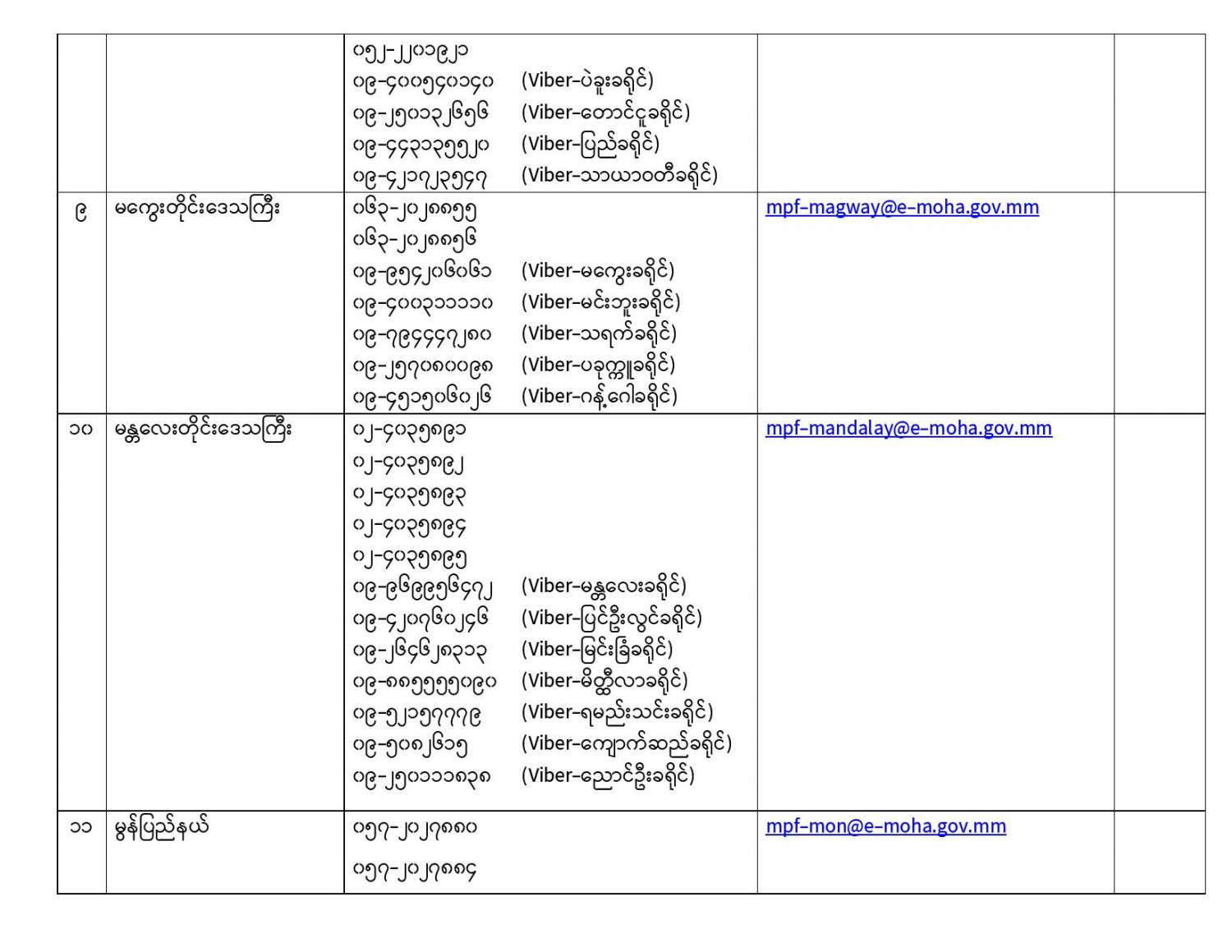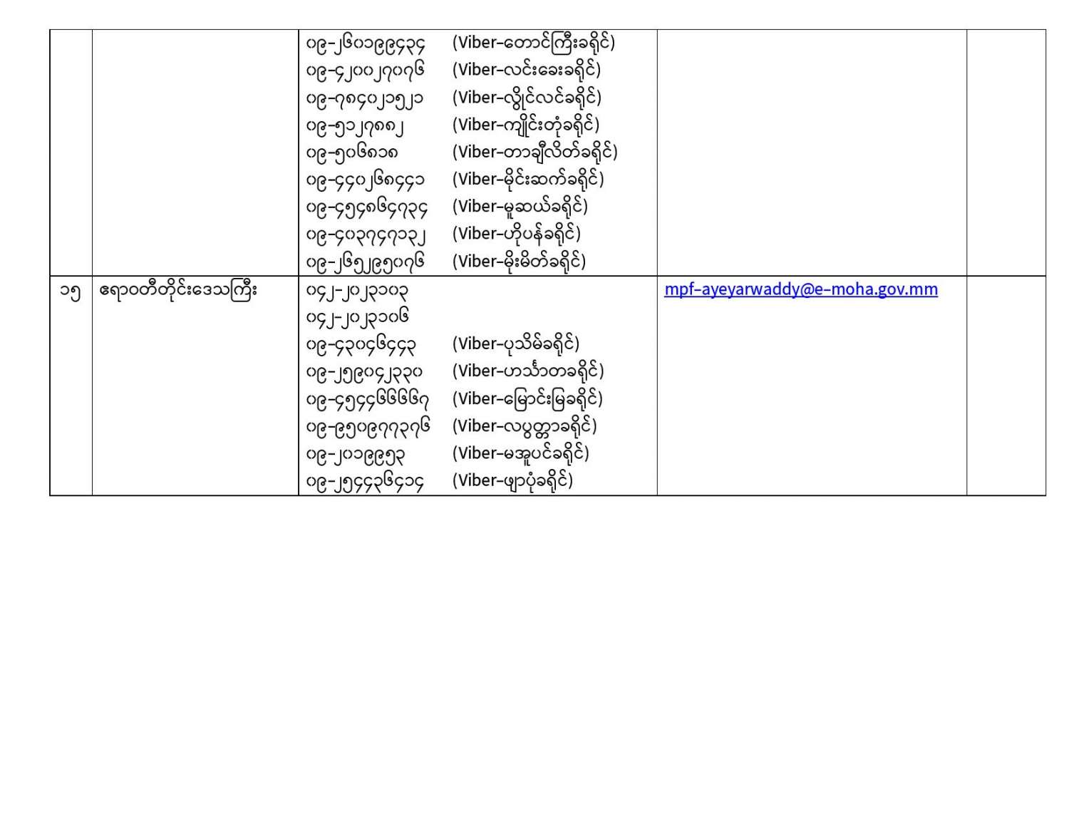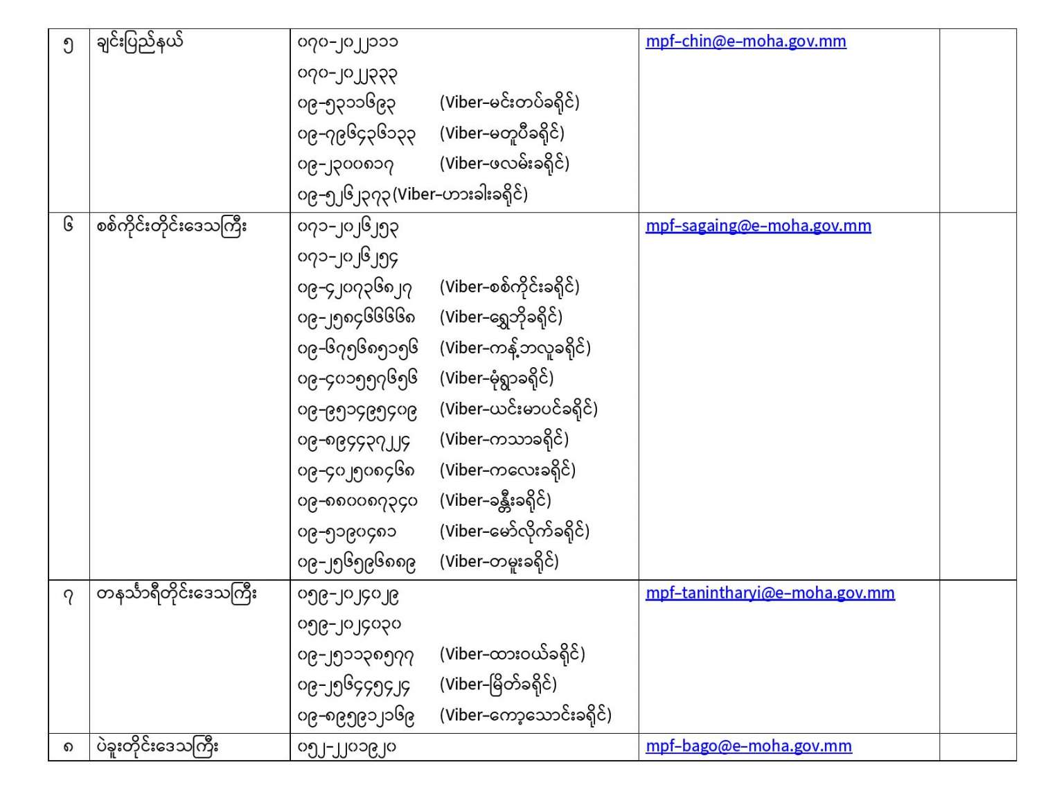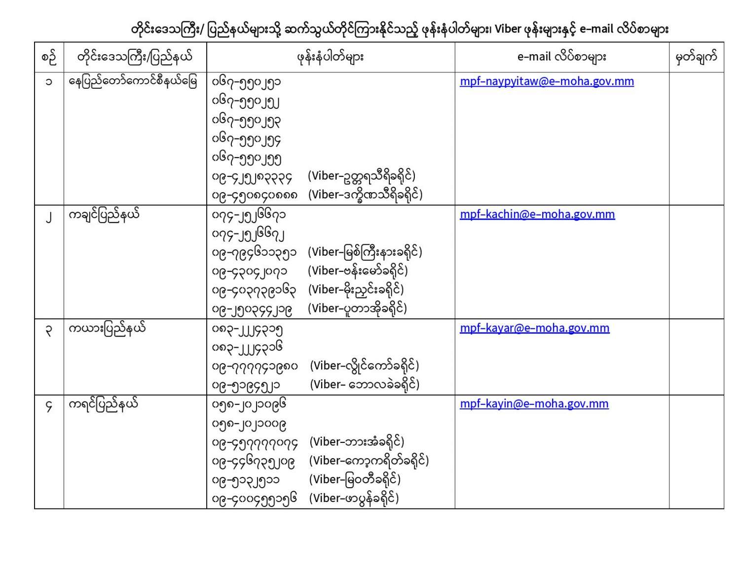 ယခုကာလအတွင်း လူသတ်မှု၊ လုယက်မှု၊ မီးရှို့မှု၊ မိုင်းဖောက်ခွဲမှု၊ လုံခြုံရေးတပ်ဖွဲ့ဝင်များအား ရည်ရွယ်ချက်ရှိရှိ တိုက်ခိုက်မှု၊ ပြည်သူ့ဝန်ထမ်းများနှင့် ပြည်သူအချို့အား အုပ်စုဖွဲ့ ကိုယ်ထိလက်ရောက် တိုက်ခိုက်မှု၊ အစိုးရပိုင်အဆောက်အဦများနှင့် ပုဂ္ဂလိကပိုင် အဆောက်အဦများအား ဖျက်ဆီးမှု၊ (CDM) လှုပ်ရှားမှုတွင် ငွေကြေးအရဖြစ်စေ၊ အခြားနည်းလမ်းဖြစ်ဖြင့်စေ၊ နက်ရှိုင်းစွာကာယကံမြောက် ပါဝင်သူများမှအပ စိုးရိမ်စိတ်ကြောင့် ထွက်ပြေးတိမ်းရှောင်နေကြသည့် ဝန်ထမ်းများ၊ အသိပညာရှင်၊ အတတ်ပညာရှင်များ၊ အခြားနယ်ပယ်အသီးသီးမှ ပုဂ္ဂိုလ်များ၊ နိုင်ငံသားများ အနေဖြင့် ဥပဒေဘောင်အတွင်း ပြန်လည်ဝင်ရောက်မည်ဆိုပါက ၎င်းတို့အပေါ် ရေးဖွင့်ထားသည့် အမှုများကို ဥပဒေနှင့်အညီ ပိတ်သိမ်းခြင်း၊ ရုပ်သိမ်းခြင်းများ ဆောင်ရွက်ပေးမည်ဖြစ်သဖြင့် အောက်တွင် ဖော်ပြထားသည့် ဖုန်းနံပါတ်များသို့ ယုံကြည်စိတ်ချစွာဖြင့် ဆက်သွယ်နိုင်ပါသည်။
---
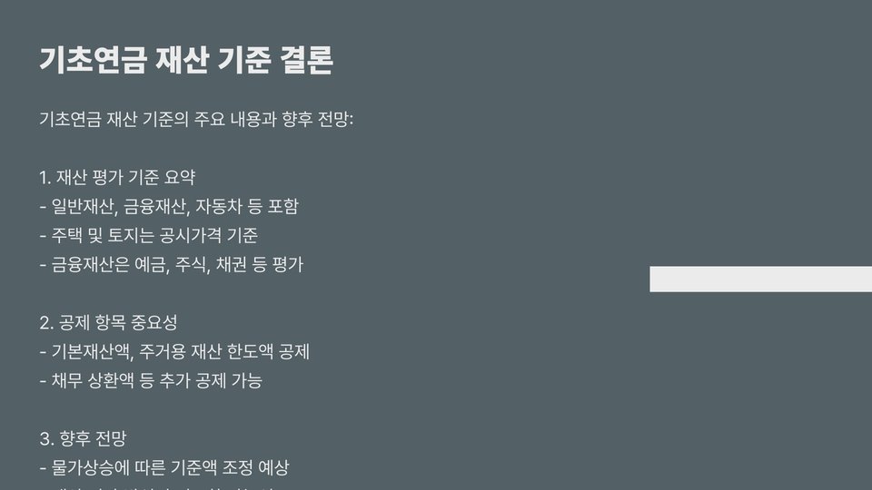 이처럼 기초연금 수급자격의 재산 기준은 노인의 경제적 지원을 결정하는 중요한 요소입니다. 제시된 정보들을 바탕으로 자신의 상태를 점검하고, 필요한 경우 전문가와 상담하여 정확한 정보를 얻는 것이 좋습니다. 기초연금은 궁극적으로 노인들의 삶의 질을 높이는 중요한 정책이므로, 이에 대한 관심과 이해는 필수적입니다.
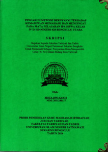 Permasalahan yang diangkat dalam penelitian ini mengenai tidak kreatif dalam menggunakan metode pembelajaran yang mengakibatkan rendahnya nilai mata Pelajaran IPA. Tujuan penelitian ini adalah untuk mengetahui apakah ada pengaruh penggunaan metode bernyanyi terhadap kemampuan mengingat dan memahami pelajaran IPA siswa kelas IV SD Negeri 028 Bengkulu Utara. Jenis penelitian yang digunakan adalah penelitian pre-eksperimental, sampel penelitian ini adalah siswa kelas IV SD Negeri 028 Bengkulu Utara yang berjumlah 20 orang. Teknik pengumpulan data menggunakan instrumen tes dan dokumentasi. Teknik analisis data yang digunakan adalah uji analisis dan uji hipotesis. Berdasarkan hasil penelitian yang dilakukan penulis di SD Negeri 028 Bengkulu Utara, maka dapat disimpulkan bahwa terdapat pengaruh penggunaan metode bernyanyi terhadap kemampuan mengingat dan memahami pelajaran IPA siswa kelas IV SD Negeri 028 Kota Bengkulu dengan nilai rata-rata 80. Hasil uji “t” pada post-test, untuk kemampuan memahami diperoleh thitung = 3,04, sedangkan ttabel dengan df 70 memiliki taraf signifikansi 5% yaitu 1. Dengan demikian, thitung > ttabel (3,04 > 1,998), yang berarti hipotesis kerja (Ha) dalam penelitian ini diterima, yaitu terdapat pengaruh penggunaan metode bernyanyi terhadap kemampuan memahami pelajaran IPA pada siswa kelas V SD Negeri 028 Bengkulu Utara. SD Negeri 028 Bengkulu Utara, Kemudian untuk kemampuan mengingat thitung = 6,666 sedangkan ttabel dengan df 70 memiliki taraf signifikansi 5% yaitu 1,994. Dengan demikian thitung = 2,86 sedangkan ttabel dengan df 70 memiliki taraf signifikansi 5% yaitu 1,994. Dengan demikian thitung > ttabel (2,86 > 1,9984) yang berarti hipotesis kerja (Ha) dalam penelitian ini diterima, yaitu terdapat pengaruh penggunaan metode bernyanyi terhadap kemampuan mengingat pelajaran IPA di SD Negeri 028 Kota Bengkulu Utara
==
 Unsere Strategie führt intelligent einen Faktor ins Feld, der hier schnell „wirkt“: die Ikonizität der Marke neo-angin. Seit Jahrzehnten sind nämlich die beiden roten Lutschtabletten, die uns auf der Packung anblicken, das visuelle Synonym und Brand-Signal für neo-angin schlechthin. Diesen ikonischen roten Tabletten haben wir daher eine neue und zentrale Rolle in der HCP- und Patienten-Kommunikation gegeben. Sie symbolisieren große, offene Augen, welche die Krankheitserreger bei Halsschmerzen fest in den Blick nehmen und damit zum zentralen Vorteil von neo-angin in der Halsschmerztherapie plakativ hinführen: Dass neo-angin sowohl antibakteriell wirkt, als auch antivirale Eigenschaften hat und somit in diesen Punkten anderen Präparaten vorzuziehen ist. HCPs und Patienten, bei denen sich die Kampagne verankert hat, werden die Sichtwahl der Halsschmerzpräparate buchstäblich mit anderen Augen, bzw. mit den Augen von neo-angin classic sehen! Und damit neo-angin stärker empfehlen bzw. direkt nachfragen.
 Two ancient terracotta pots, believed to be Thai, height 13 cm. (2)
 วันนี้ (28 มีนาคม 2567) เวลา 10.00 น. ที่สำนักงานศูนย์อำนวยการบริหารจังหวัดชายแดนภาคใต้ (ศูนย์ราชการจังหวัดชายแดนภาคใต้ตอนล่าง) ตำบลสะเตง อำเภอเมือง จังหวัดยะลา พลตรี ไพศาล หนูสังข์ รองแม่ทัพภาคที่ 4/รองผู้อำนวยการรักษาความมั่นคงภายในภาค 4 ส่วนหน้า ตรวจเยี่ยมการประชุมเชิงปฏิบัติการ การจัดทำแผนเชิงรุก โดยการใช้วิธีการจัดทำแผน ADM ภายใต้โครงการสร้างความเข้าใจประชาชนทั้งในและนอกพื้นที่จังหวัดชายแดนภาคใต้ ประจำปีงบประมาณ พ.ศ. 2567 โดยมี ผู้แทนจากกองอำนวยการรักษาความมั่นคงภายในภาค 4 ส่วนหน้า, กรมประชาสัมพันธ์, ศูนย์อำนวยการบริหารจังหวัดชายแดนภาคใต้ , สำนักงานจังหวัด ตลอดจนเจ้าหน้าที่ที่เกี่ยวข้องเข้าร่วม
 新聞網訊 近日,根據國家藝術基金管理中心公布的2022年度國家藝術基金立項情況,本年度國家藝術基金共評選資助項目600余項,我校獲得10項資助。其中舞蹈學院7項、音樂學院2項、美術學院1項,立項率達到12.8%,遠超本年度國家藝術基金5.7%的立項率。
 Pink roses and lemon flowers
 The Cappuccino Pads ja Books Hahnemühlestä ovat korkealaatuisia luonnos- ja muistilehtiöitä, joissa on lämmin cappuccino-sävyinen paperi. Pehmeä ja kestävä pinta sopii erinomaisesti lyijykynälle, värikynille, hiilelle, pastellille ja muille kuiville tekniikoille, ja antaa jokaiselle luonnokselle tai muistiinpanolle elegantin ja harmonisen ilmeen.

**WHAT IS BEING ASKED:** Find the line with "Unsere Strategie führt" in the entries above. Retype it and each line after it, exactly, through the line with "The Cappuccino Pads", and stop there.

**EXERCISE RESULT:**
 Unsere Strategie führt intelligent einen Faktor ins Feld, der hier schnell „wirkt“: die Ikonizität der Marke neo-angin. Seit Jahrzehnten sind nämlich die beiden roten Lutschtabletten, die uns auf der Packung anblicken, das visuelle Synonym und Brand-Signal für neo-angin schlechthin. Diesen ikonischen roten Tabletten haben wir daher eine neue und zentrale Rolle in der HCP- und Patienten-Kommunikation gegeben. Sie symbolisieren große, offene Augen, welche die Krankheitserreger bei Halsschmerzen fest in den Blick nehmen und damit zum zentralen Vorteil von neo-angin in der Halsschmerztherapie plakativ hinführen: Dass neo-angin sowohl antibakteriell wirkt, als auch antivirale Eigenschaften hat und somit in diesen Punkten anderen Präparaten vorzuziehen ist. HCPs und Patienten, bei denen sich die Kampagne verankert hat, werden die Sichtwahl der Halsschmerzpräparate buchstäblich mit anderen Augen, bzw. mit den Augen von neo-angin classic sehen! Und damit neo-angin stärker empfehlen bzw. direkt nachfragen.
 Two ancient terracotta pots, believed to be Thai, height 13 cm. (2)
 วันนี้ (28 มีนาคม 2567) เวลา 10.00 น. ที่สำนักงานศูนย์อำนวยการบริหารจังหวัดชายแดนภาคใต้ (ศูนย์ราชการจังหวัดชายแดนภาคใต้ตอนล่าง) ตำบลสะเตง อำเภอเมือง จังหวัดยะลา พลตรี ไพศาล หนูสังข์ รองแม่ทัพภาคที่ 4/รองผู้อำนวยการรักษาความมั่นคงภายในภาค 4 ส่วนหน้า ตรวจเยี่ยมการประชุมเชิงปฏิบัติการ การจัดทำแผนเชิงรุก โดยการใช้วิธีการจัดทำแผน ADM ภายใต้โครงการสร้างความเข้าใจประชาชนทั้งในและนอกพื้นที่จังหวัดชายแดนภาคใต้ ประจำปีงบประมาณ พ.ศ. 2567 โดยมี ผู้แทนจากกองอำนวยการรักษาความมั่นคงภายในภาค 4 ส่วนหน้า, กรมประชาสัมพันธ์, ศูนย์อำนวยการบริหารจังหวัดชายแดนภาคใต้ , สำนักงานจังหวัด ตลอดจนเจ้าหน้าที่ที่เกี่ยวข้องเข้าร่วม
 新聞網訊 近日,根據國家藝術基金管理中心公布的2022年度國家藝術基金立項情況,本年度國家藝術基金共評選資助項目600余項,我校獲得10項資助。其中舞蹈學院7項、音樂學院2項、美術學院1項,立項率達到12.8%,遠超本年度國家藝術基金5.7%的立項率。
 Pink roses and lemon flowers
 The Cappuccino Pads ja Books Hahnemühlestä ovat korkealaatuisia luonnos- ja muistilehtiöitä, joissa on lämmin cappuccino-sävyinen paperi. Pehmeä ja kestävä pinta sopii erinomaisesti lyijykynälle, värikynille, hiilelle, pastellille ja muille kuiville tekniikoille, ja antaa jokaiselle luonnokselle tai muistiinpanolle elegantin ja harmonisen ilmeen.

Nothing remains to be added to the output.